Re: [Update][RFC/RFT][PATCH v3 2/5] driver core: Functional dependencies tracking support
From: Rafael J. Wysocki
Date: Fri Sep 23 2016 - 09:36:20 EST
On Tuesday, September 20, 2016 12:46:30 AM Lukas Wunner wrote:
> On Fri, Sep 16, 2016 at 02:33:55PM +0200, Rafael J. Wysocki wrote:
> > From: Rafael J. Wysocki <rafael.j.wysocki@xxxxxxxxx>
> >
> > Currently, there is a problem with taking functional dependencies
> > between into account.
> ^
> devices
>
> > What I mean by a "functional dependency" is when the driver of device
> > B needs device A to be functional and (generally) its driver to be
> > present in order to work properly. This has certain consequences
> > for power management (suspend/resume and runtime PM ordering) and
> > shutdown ordering of these devices. In general, it also implies that
> > the driver of A needs to be working for B to be probed successfully
> > and it cannot be unbound from the device before the B's driver.
> ^^
> Trailing whitespace.
>
> > Support for representing those functional dependencies between
> > devices is added here to allow the driver core to track them and act
> > on them in certain cases where applicable.
> >
> > The argument for doing that in the driver core is that there are
> > quite a few distinct use cases involving device dependencies, they
> > are relatively hard to get right in a driver (if one wants to
> > address all of them properly) and it only gets worse if multiplied
> > by the number of drivers potentially needing to do it. Morever, at
> > least one case (asynchronous system suspend/resume) cannot be handled
> > in a single driver at all, because it requires the driver of A to
> > wait for B to suspend (during system suspend) and the driver of B to
> > wait for A to resume (during system resume).
> >
> > For this reason, represent dependencies between devices as "links",
> > with the help of struct device_link objects each containing pointers
> > to the "linked" devices, a list node for each of them, status
> > information, flags, a lock and an RCU head for synchronization.
> >
> > Also add two new list heads, links_to_consumers and links_to_suppliers,
> > to struct device to represent the lists of links to the devices that
> > depend on the given one (consumers) and to the devices depended on
> > by it (suppliers), respectively.
> >
> > The entire data structure consisting of all of the lists of link
> > objects for all devices is protected by SRCU (for list walking)

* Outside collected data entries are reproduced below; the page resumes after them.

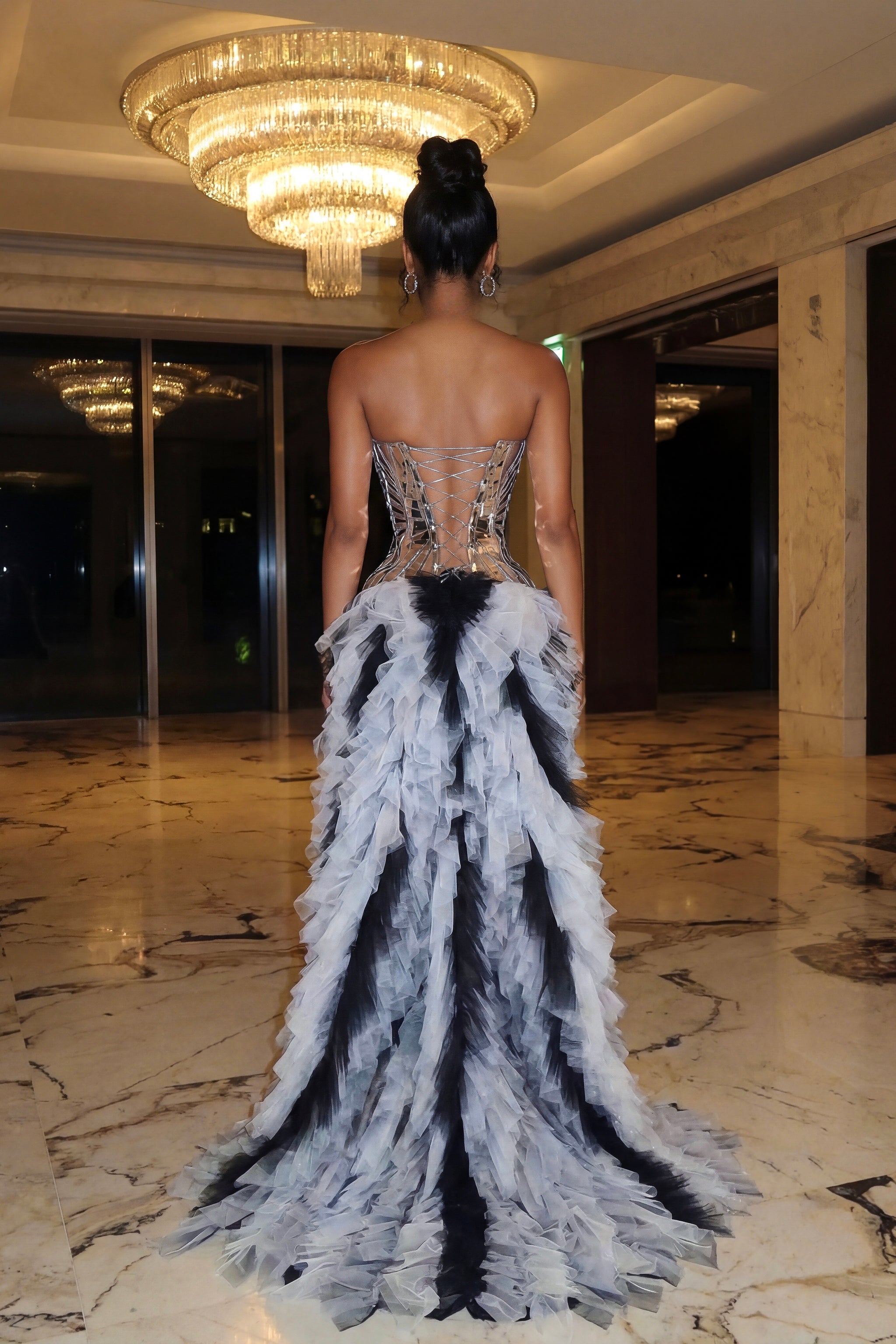 The corset top cinches your silhouette with dramatic flair, while the accompanying long tail skirt flows with an ethereal, cosmic elegance. It's a statement piece that makes you feel powerful, mysterious, and absolutely irresistible. Perfect for those who dare to embrace their boldest self and command attention in any room. Elevate your confidence and unleash your inner vixen with this show stopping ensemble.
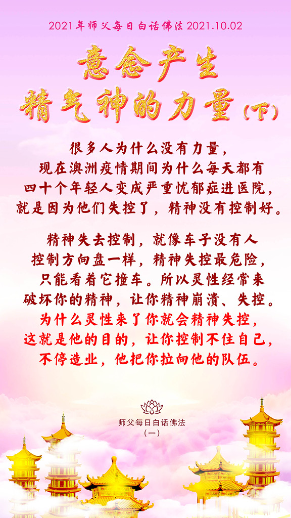 很多人为什么没有力量,现在澳洲疫情期间为什么每天都有四十个年轻人变成严重忧郁症进医院,就是因为他们失控了,精神没有控制好。
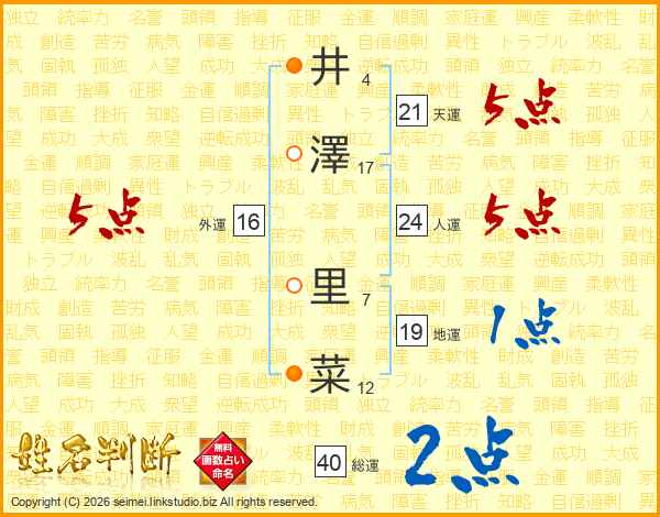 井澤里菜さんの人運は24画の5点!
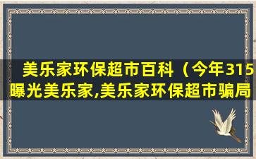 关于“今年315曝光美乐家,美乐家环保超市骗局”的说法,我无法提供具体的信息,因为我的知识截止日期是2023年4月,而且我无法访问实时数据或新闻报道。如果这个事件是在我的知识截止日期之后发生的,我将无法提供相关信息。
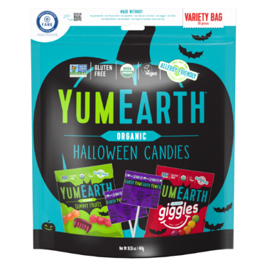 Welcoming all allergy friendly trick-or-treater's! The YumEarth Organic Halloween Variety Bag includes 50 individually-wrapped packs ready for school lunches or trick-or-treaters.
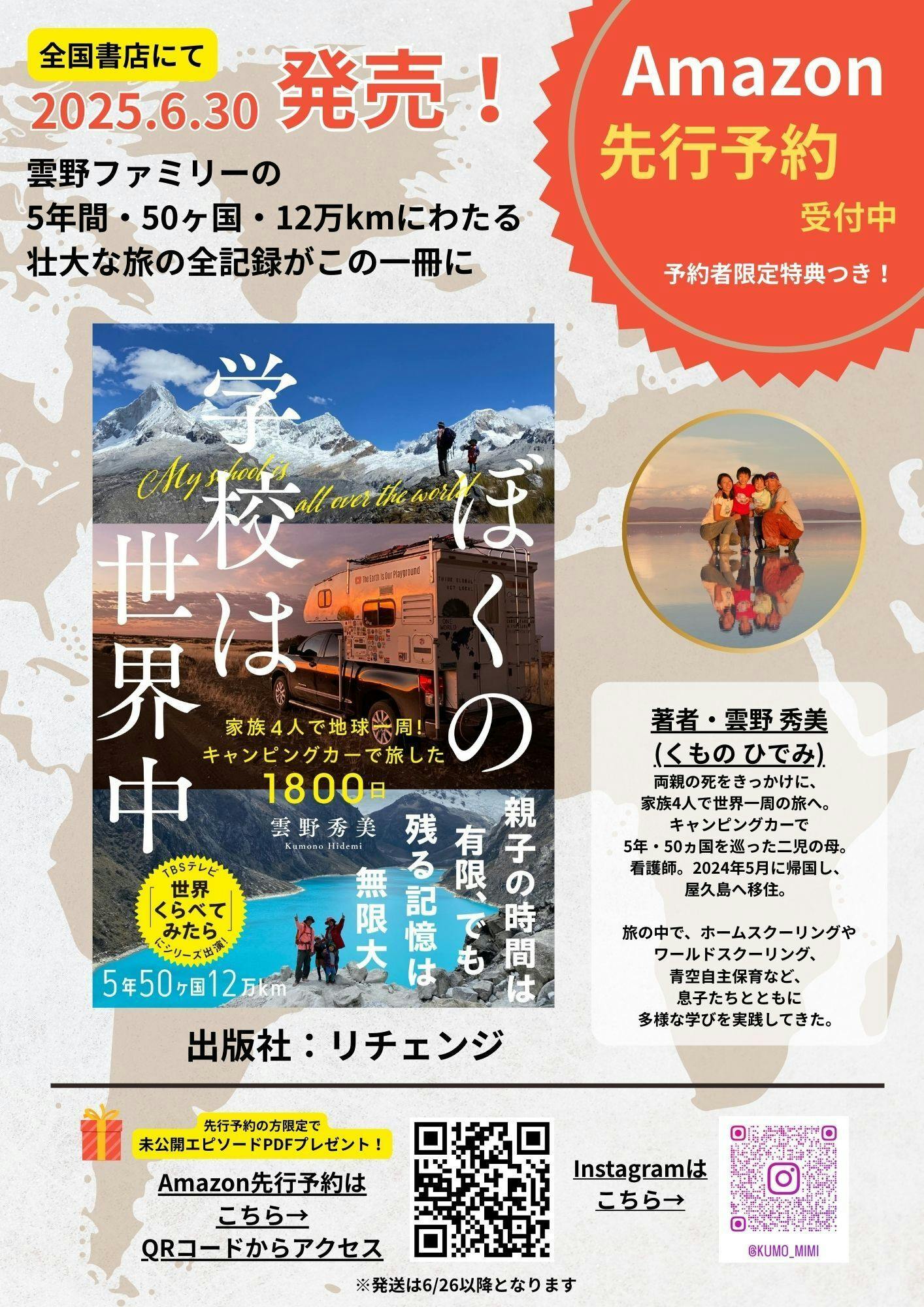 2025/05/12 16:04ご支援いただいた皆さまへこんにちは。雲野秀美です。まずは、当初の予定より約1年も出版が遅れてしまったこと、心よりお詫び申し上げます。長くお待ちくださった皆さまに、心から感謝いたします。その分、時間をかけて丁寧に仕上げた一冊が、ようやく形になります。書籍『ぼくの学校は世界中』は、リチェンジ社より6月30日に全国の書店で出版されることが決定しました!それに先立ち、Amazonでの予約受付もスタートしました。さらに、Kindle版(電子書籍)も販売予定ですので、紙の本・電子版どちらでもお楽しみいただけます。クラウドファンディングでご支援くださった皆さまには、6月下旬より書籍を順次発送予定です。そして今回、クラファン支援者の皆さまと、Amazonで先行予約してくださった方全員に、「未公開エピソードPDF」を特典としてお届けいたします。この未公開エピソードは、本当は本に載せたかったけれど、ページ数や構成の関係で泣く泣くカットした大切なエピソードたち。旅のハプニングや役立つノウハウなど濃い内容ばかりです。旅がもっと身近に感じられる、ワクワクが詰まった特典になっていますので、ぜひ受け取っていただけたら嬉しいです。完成まで長らくお待たせしてしまいましたが、旅の全てを込めた一冊になっています。お友達やご家族にシェアしていただけると大変励みになります。皆さまのシェアが、また新たな出会いやきっかけにつながっていくことを願っています。Amazon先行予約はこちらとなります。https://www.amazon.co.jp/dp/4434346989なお、日ごろの屋久島での暮らしや息子たちとの日常、出版に関する最新情報やイベントのお知らせなどは、各種SNSで発信中です。よろしければ、ぜひフォローしてのぞいてみてください。■Instagram:https://www.instagram.com/kumo_mimi■X(旧Twitter):https://twitter.com/RunKamakuraあらためまして、長きにわたる応援に心より感謝いたします。今後ともどうぞよろしくお願いいたします。感謝を込めて雲野秀美 もっと見る
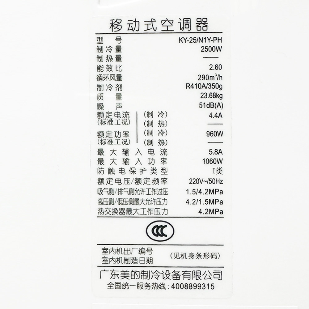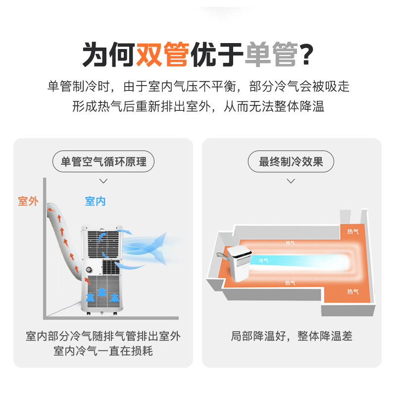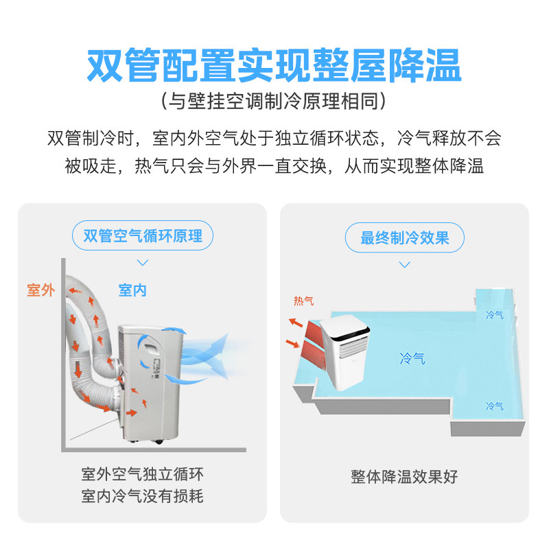 美的双管移动空调大1匹租房一体机小型空调厨房便携露营帐篷户外
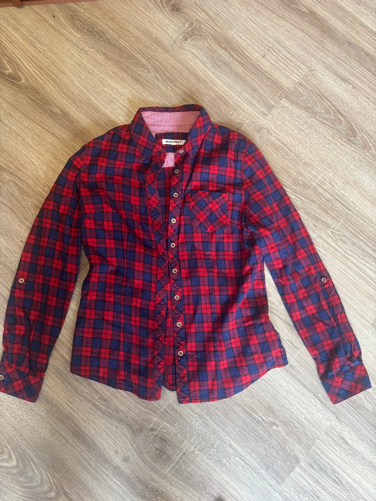 Рубашка marimay 152-158 в красно-синюю клетку, хлопок, мягкая фланель, рукава фиксируются в локте тоже. 1200
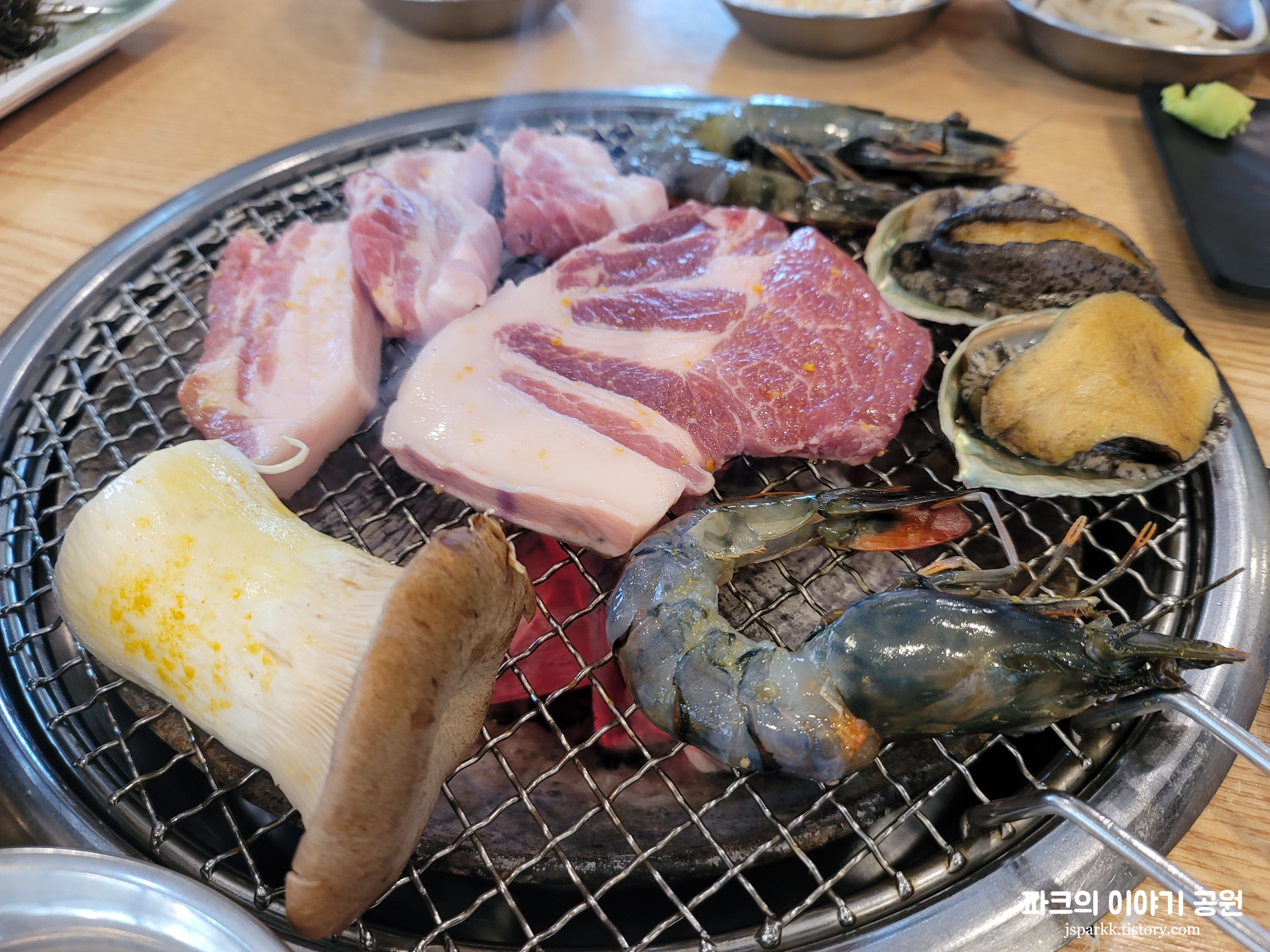 일단 모듬세트를 주문했다. 오겹살, 목살, 가브리살, 항정살, 양념갈비, 전복, 새우가 들어 있다. 2~3인분용 75,000원, 3~4인분용 95,000원이다. 싸진 않다.
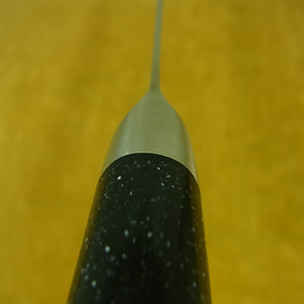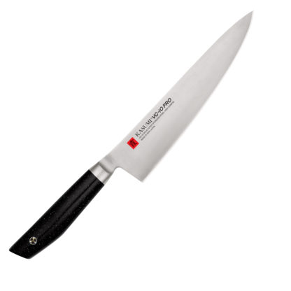 Kasumi VG10Pro comme son nom l’indique est en acier VG10. Un acier fortement carburé à 1% de carbone dont le tranchant n’a d’égal que le savoir-faire des artisans de Kasumi. Kasumi a depuis toujours travaillé le haut de gamme de la coutellerie japonaise et notamment avec des acier damas. Ici, avec Kasumi VG10Pro, l’acier est d’une seule nuance et dont le noyau en VG10 qui le compose offre un tranchant sur toute la surface de la lame. La lame s’accompagne d’un manche en marbre artificiel, une matière plus complexe est plus chère que le marbre classique. Le design du manche a demandé de nombreuses réflexions avant d’arriver au résultat d’aujourd’hui pour asseoir un confort optimal dans la main des cuisiniers par sa forme, son poids et sa longueur. Les deux derniers points, cruciaux, sont décisifs pour une bonne balance avant-arrière du couteau japonais.
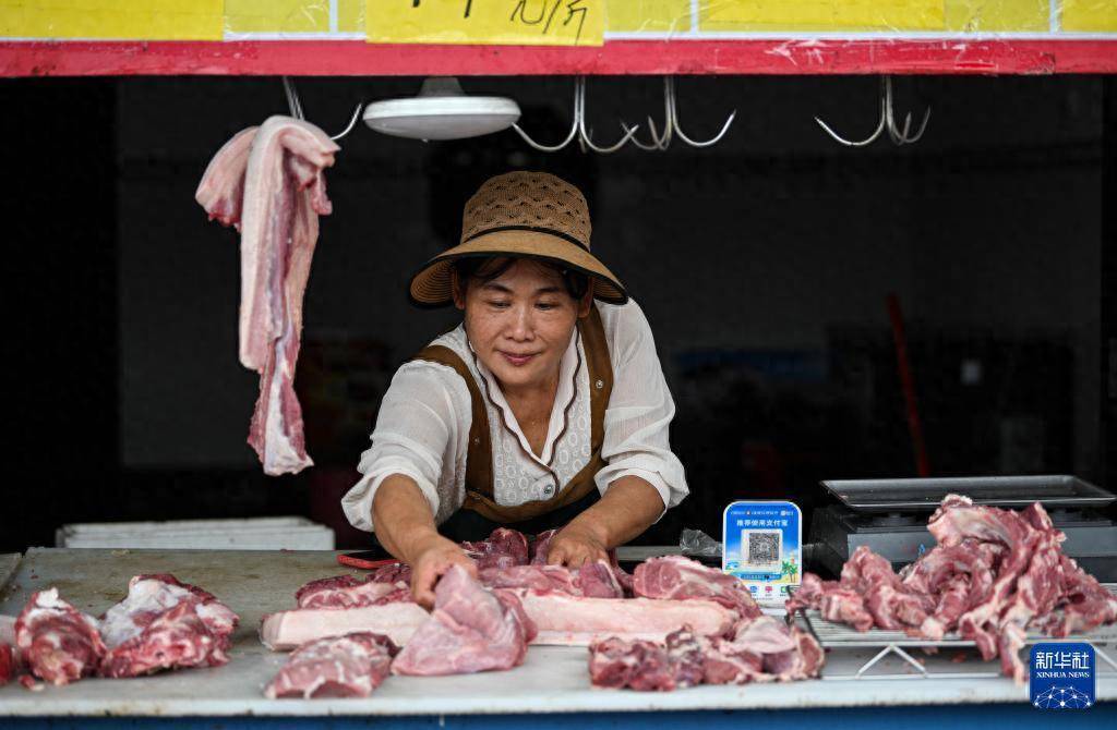10月6日开yun体育网,在海南文昌一家集贸商场,归附贸易的肉铺雇主在收拾猪肉。
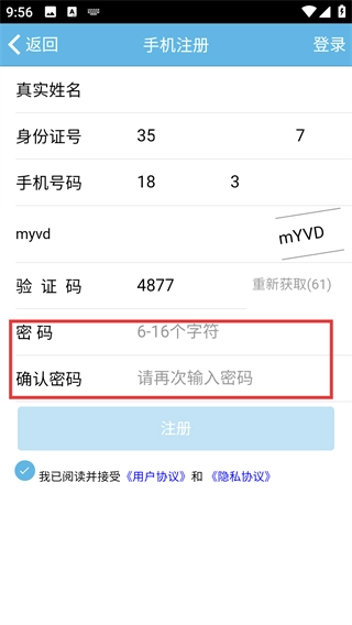 3、请设置一个6到16字符长度的密码,接着在“确认密码”输入框中再次输入该密码以完成确认。
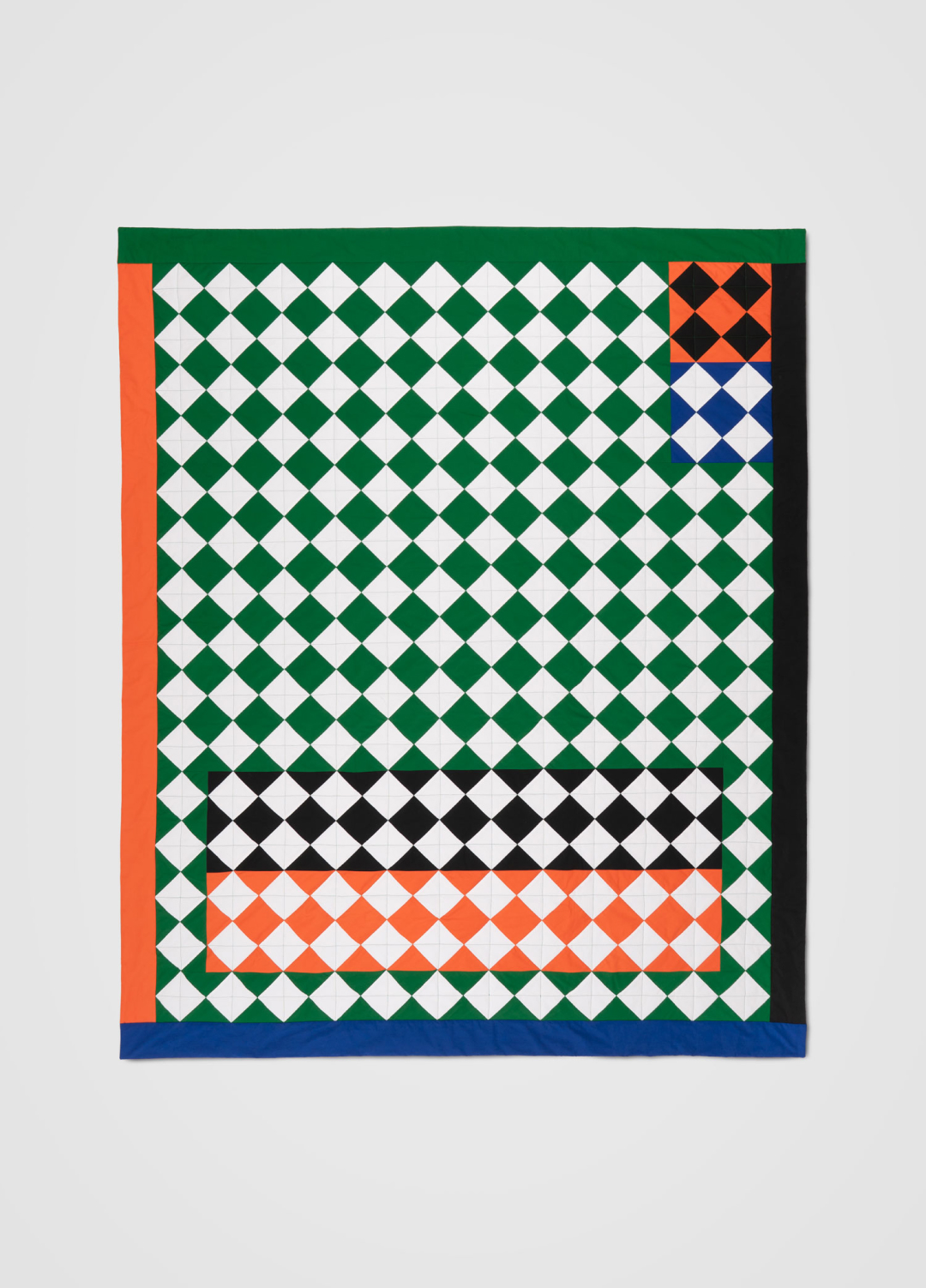Каждое одеяло российского проекта собрано и простегано вручную мамой основательницы бренда. Максимальный тираж — шесть штук, что-то выполнено в единственном экземпляре. К этому покрывалу в ромбик просятся платья и костюмы Nina Donis в похожих расцветках.
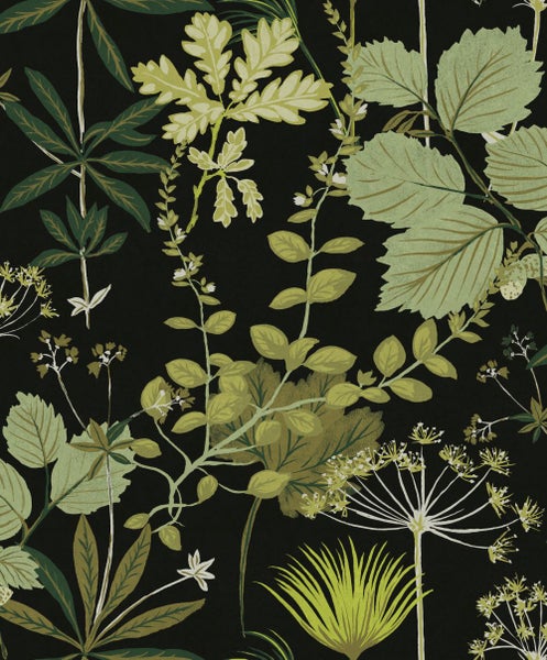 Diese schöne Tapete mit Blumen in Grün und Schwarz sorgt in jedem Wohnraum für eine warme, romantische Atmosphäre. Sie versprüht sogar einen Hauch Nostalgie und lässt an vergangene Zeiten erinnern.

> > and a by mutex (for link object addition/removal). In addition
> ^^^^
> by a
>
> > to that, each link object has an internal status field whose
> > value reflects what's happening to the devices pointed to by
> > the link. That status field is protected by an internal spinlock.
>
> More precisely, the status field tracks the driver boundness of
> the two devices comprising the link. ("what's happening to the
> devices" is a bit broad, this is really about the *drivers*.)
Basically OK, but it will be more than that most likely due to the bug
reported by Marek.
And thanks for the typo fixes. :-)
> > New links are added by calling device_link_add() which takes four
> > arguments: pointers to the devices in question, the initial status
> > of the link and flags. In particular, if DEVICE_LINK_STATELESS is
> > set in the flags, the link status is not to be taken into account
> > for this link and the driver core will not manage it. In turn, if
> > DEVICE_LINK_AUTOREMOVE is set in the flags, the driver core will
> > remove the link automatically when the consumer device driver
> > unbinds from it.
> >
> > One of the actions carried out by device_link_add() is to reorder
> > the lists used for device shutdown and system suspend/resume to
> > put the consumer device along with all of its children and all of
> > its consumers (and so on, recursively) to the ends of those list
> ^
> s
>
> > in order to ensure the right ordering between all of the supplier
> > and consumer devices.
> >
> > For this reason, it is not possible to create a link between two
> > devices if the would-be supplier device already depends on the
> > would-be consumer device as either a direct descendant of it or a
> > consumer of one of its direct descendants or one of its consumers
> > and so on.
> >
> > It also is impossible to create a link between a parent and a child
> > device (in any direction).
> >
> > There are two types of link objects, persistent and non-persistent.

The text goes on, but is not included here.